Welcome to InfoDev Uni. This is a practical learning space for technical writers who want to go beyond documentation and understand the technologies behind it.

This is not theory-heavy. The goal is simple:
Learn just enough to work confidently with developers, tools, and modern documentation systems.


Languages

These are the core languages every modern technical writer should be comfortable with.

Markdown

Markdown is the most widely used writing format in developer ecosystems.

Why it matters:

  • Used in GitHub, docs-as-code, README files
  • Simple syntax, easy to learn
  • Converts easily to HTML, PDF, and other formats

What to learn:

  • Headings, lists, tables
  • Code blocks
  • Links and images

Practice: Write your own README for a project.


HTML

HTML is the backbone of all web documentation.

Why it matters:

  • Helps you debug formatting issues
  • Required for advanced customization

What to learn:

  • Basic tags: div, span, a, img
  • Structure: header, body, sections
  • Semantic HTML

Practice: Inspect any website and try to understand its structure.


AsciiDoc

AsciiDoc is used in enterprise documentation.

Why it matters:

  • More powerful than Markdown
  • Used in tools like Antora

What to learn:

  • Attributes
  • Includes
  • Admonitions (notes, warnings)

XML

XML is still widely used in structured documentation.

Why it matters:

  • Required for DITA
  • Used in legacy systems

What to learn:

  • Tags and attributes
  • Schema and validation
  • Well-formed vs valid XML

ReStructuredText (ReST)

Used in Python documentation ecosystems.

Why it matters:

  • Used with Sphinx
  • Common in open-source projects

What to learn:

  • Directives
  • Roles
  • Table formatting

YAML

YAML is used for configuration.

Why it matters:

  • Used in Jekyll, CI/CD pipelines, APIs
  • Controls how systems behave

What to learn:

  • Indentation rules
  • Key-value structure
  • Lists and nesting

Go (Golang)

You don’t need to master it, just understand basics.

Why it matters:

  • Many modern tools are built in Go
  • Helps in reading CLI tool logic

What to learn:

  • Basic syntax
  • Functions
  • Structs

SQL

SQL helps you work with data.

Why it matters:

  • Useful for analytics documentation
  • Helps understand backend systems

What to learn:

  • SELECT queries
  • JOINs
  • Filtering and aggregation

Python

Python is the most useful scripting language for technical writers.

Why it matters:

  • Automate documentation tasks
  • Work with APIs and data

What to learn:

  • Basics: variables, loops, functions
  • File handling
  • API calls

JavaScript (JS)

Useful for modern documentation sites.

Why it matters:

  • Used in interactive docs
  • Needed for frontend-heavy docs

What to learn:

  • Basics: variables, functions
  • DOM manipulation
  • JSON handling

Concepts

These are core frameworks and approaches every technical writer should understand.

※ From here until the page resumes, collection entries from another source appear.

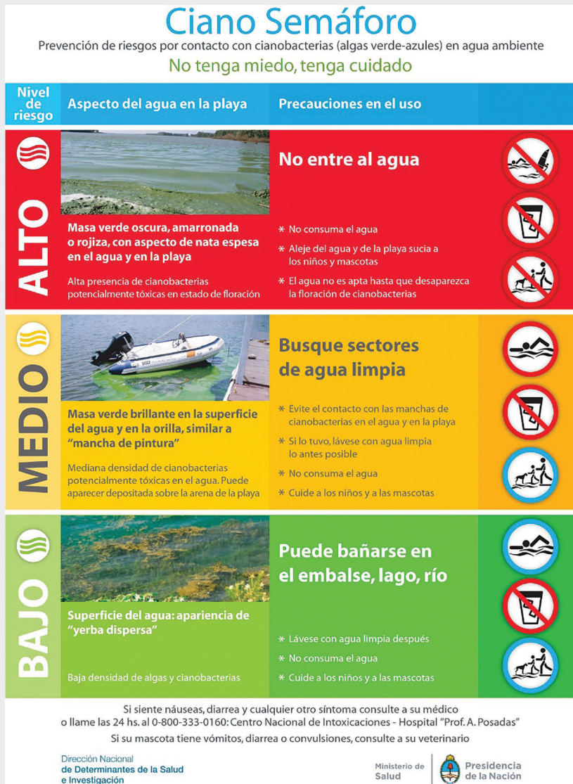
Figure 2 "Cyanosemaphore" with three levels of water quality and corresponding advice for water use.
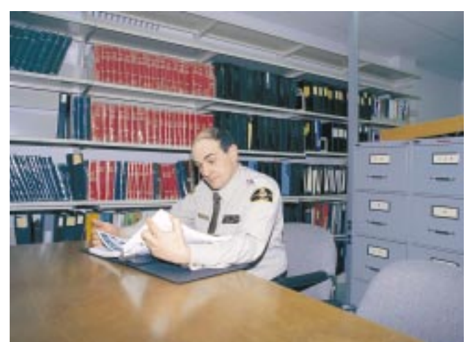
Some parks have extensive and well-organized resource centres, others are in disarray

Written documentation is also poorly maintained. Park libraries are in disarray. During the downsizing of Parks Canada over the last five years, park libraries were often casualties. We were told of libraries, with hundreds of original reports, stored in boxes that were placed in damp storage. The document collection at the National Documentation Centre is incomplete due to poor collaboration from the Field Units.
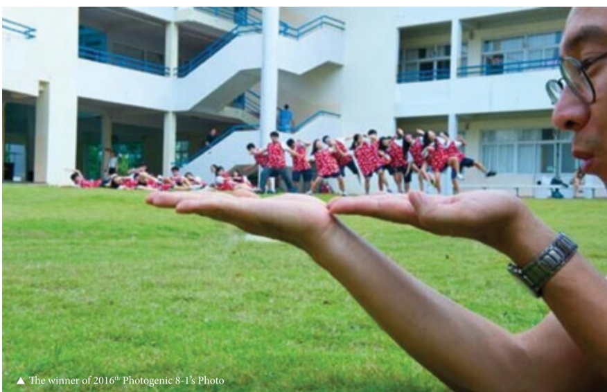
▲ The winner of 2016 th Photogenic 8-1's Photo

Pizza for winners - making memories with classmates
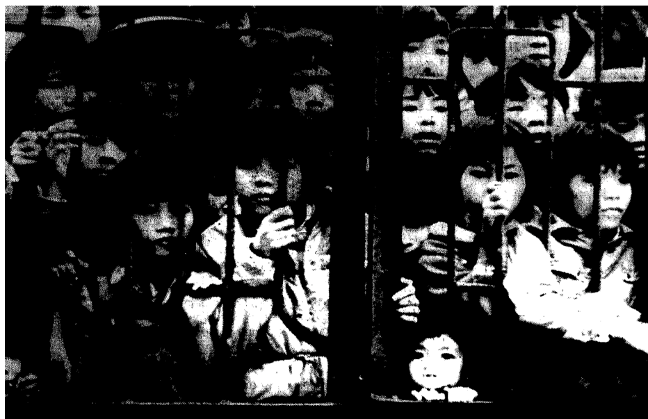
Figure2 “Vietnamese children,” China Daily , Jan. 21, 1989, 8.

unofficial visit to Viet Nam. The ex-marines will try to help local officials search for mines the Americans planted 20 years ago during the war. 31
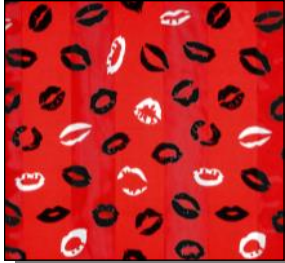
Black or Red Lip Scarf
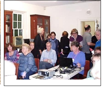
More chairs please!
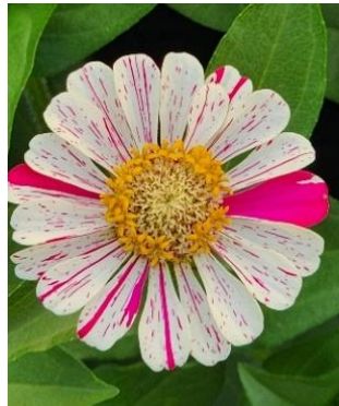
Peppermint Zinnia ( Jul – Oct)
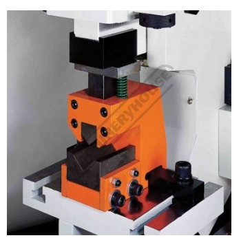
Optional Angle Bending Press
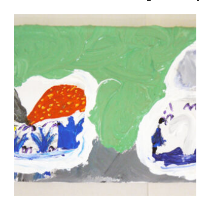
still life inspired by Cézanne
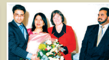
2001 - The Rt. Hon. Clair Short M.P.
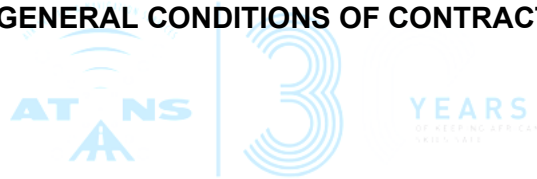
TABLE OF CLAUSES
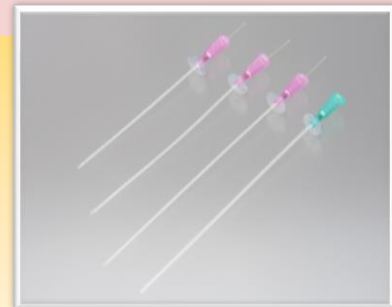
12types of lineup (Refer to size composition)

In addition to the conventional 120 mm, the lineup of 80 mm and 100 mm
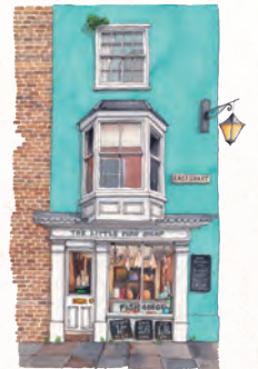
The Little Fishshop Southwold, UK
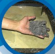
Uncleaned - Aluminum Scrap
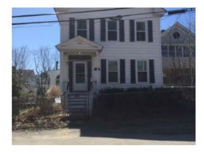
65 Dunbar Street Two-Family – 8,276 SF Lot

DITA (Darwin Information Typing Architecture)

DITA is a structured documentation standard.

Why it matters:

  • Used in large enterprises
  • Enables content reuse and scalability

Key ideas:

  • Topics (concept, task, reference)
  • Maps for structure
  • Reusability using conrefs

Diátaxis Framework

Diátaxis is a modern documentation framework that helps you structure content based on user needs.

Core idea: Not all documentation is the same. Users need different types of information at different times.

The 4 Types of Documentation

1. Tutorials (Learning-oriented)

  • Step-by-step guidance
  • For beginners
  • Focus on doing, not explaining everything

Example:
“Build your first API request”


2. How-to Guides (Task-oriented)

  • Solve a specific problem
  • Assume some prior knowledge

Example:
“How to deploy your app on AWS”


3. Reference (Information-oriented)

  • Straight facts
  • No storytelling

Example:
API documentation, parameter lists


4. Explanation (Understanding-oriented)

  • Deep understanding
  • Why things work the way they do

Example:
“How REST APIs work internally”


Why Diátaxis matters

Most bad documentation mixes everything:

  • Tutorials become explanations
  • References become guides

Diátaxis fixes that by keeping content focused.


How to apply it in your work

When writing anything, ask:

  • Is the user learning?
  • Is the user solving a problem?
  • Is the user looking for facts?
  • Is the user trying to understand?

Then choose the right format.


How to Use InfoDev Uni

  • Pick one language at a time
  • Practice with real examples
  • Build small projects (docs, APIs, guides)
  • Apply Diátaxis to everything you write

Final Thought

A modern technical writer is not just a writer.

You are:

  • A translator between humans and systems
  • A systems thinker
  • A product enabler

InfoDev Uni is your foundation to become that.